Human Rights Defender Volume 29 Issue 2

Page 38

PAGE 38

IN SEARCH OF A SAFER PLAYING FIELD AND GENDER JUSTICE IN SPORT DR PAYOSHNI MITRA Dr Payoshni Mitra is a scholar and advocate with more than a decade-long experience of working closely with women athletes with high testosterone and/or DSD from the Global South. Her work focuses on the mental and physical harm caused by the regulations and testing of such athletes. She teaches Sport Sociology at Birkbeck, University of London.

Growing up in Calcutta (now Kolkata), in the 1980s, like most other girls from middleclass families in the city, I was sent to a traditional Indian dance school in addition to going to a school for education. My dance teacher’s husband (whom I knew also as a colleague of my father) sexually abused me one day when I was waiting to meet my dance teacher at their house. No one was around and I was told my dance teacher was taking a bath. I was just nine years old.

This one incident had a huge impact on how my life would take shape. I didn’t talk about the incident to anyone until I was 18. But I decided I wouldn’t go back to the dance school ever again. I told my parents I was not interested in dance and wanted to pursue sport. My parents could not understand why I suddenly changed my mind. However, they found a badminton-coaching centre for me. That’s how and why I entered the field of sport: in search of a safe space.

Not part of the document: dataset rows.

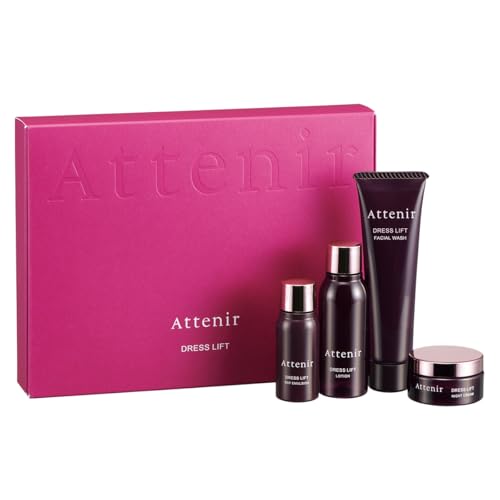 アテニアのドレスリフト2週間トライアルセットは洗顔料・化粧水・乳液・ナイトクリームが含まれ、エイジングケア、浸透、ハリ、シワ改善に効果的な医薬部外品です。
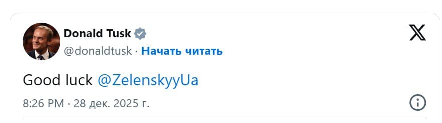 Прем’єр-міністр Польщі Дональд Туск надіслав лаконічне, але важливе повідомлення шостому президентові України Володимиру Зеленському напередодні його зустрічі з главою Білого дому Дональдом Трампом у резиденції Мар-а-Лаго.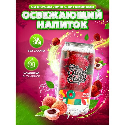 Напиток газированный со вкусом Личи StarCans Лимонад без сахара Газировка 12 шт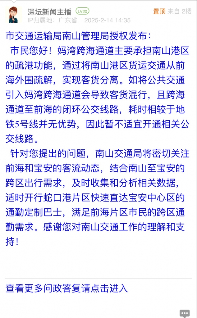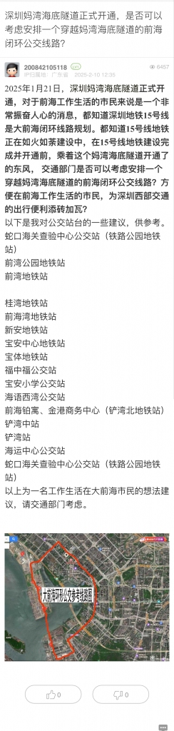 6. 帖文《深圳媽灣海底隧道正式開通,是否可以考慮安排一個穿越媽灣海底隧道的前海閉環(huán)公交線路?》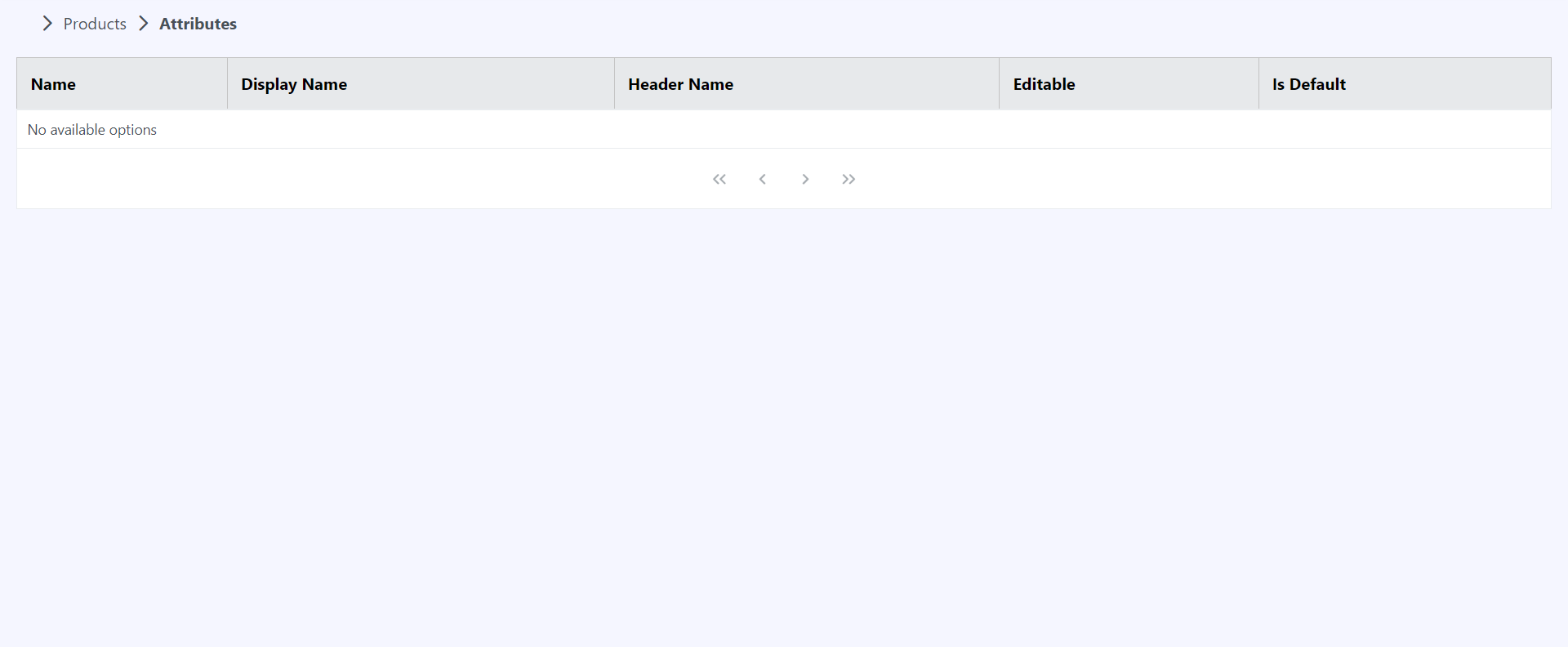 <DataTable value={attributes}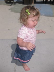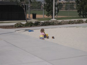 Hon tyckte de va jättekul att gå och sitta i sanden.. för en ggns skull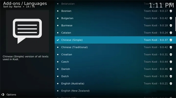 此时返回到主界面,点击Add-on(插件),找到"Install From Repository",再依次选择Look & feel→language,找到中文简体Chinese(Simple),安装后启用,即可启用中文界面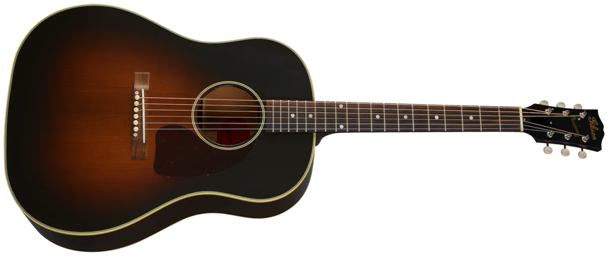 The allure and legend of the Gibson J-45 lives on in the new Custom Historic 1942 Banner J-45. Inspired by the holy grail of vintage acoustic instruments, luthiers in Montana meticulously crafted a J-45 just like the most popular and celebrated version in structure and components. The new 1942 Banner J-45 includes a Thermally Aged Adirondack red spruce top hand-sprayed with a historic-style burst, hot hide glue top bracing for better tonal response, and a bone nut and saddle.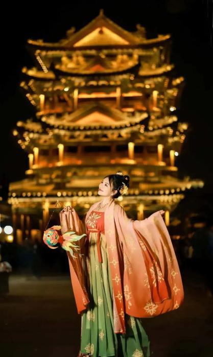 白日里,宋風(fēng)漢服襯著雅致建筑,溫柔文藝;夜幕下,燈火流光溢彩,飄逸漢服與燈籠光影交織,裙擺飛揚(yáng)間,彰顯大宋盛世的驚艷與浪漫。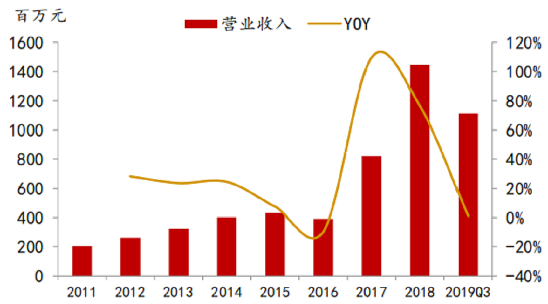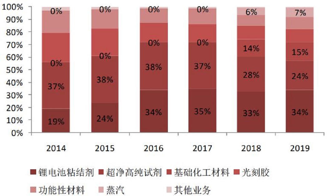 2018年,公司實現(xiàn)營業(yè)收入14.46億元,同比增長76.23%,實現(xiàn)歸母凈利潤2.84億元,同比增長239.37%。其中電子化學品占公司總營收的64.9%,是公司最主要的收入來源。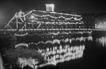 Description :LE PONT MONTCALM SUR LA RIVIERE MAGOG. CELUI-CI EST ILLUMINE PAR DES LUMIERES DANS LE CADRE DU CENTENAIRE. EN ARRIERE-PLAN, LA PATON AVEC SA TOURELLE ILLUMINEE. LES LUMIERES SE REFLECHISSENT DANS LA RIVIERE.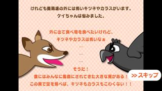 みんながおいしそうな鶏に育っていくなか、ケイちゃんは翼ばかり大きくなっていきます。さらに、まわりのみんなにいじめられていたため、毎日満足にご飯も食べられません。

What I saw in sports was far from what I expected. The arena of high performance sport was considerably more complex than I had thought. Verbal, mental, physical and sexual abuse and other forms of discrimination were widespread in competitive sporting culture. And sports’ hierarchical structure made it even more difficult for young athletes to complain and resist such discrimination. Often, athletes were not aware of their rights, or they were too fearful of their coaches and officials. Having been coached by an abusive person, I dropped out for a couple of years until I went to the university where I represented and captained the badminton team. Throughout my journey as an athlete, I noticed how the women’s team was treated as second grade - almost as an afterthought once the men’s teams’ needs were served. It was because of my experience as an athlete that I decided to pursue doctoral research on gender issues in sport in the context of India. Later, I started working as an athletes’ rights activist, trying to support young athletes faced with institutionalised discrimination, like in the case of Annet Negesa.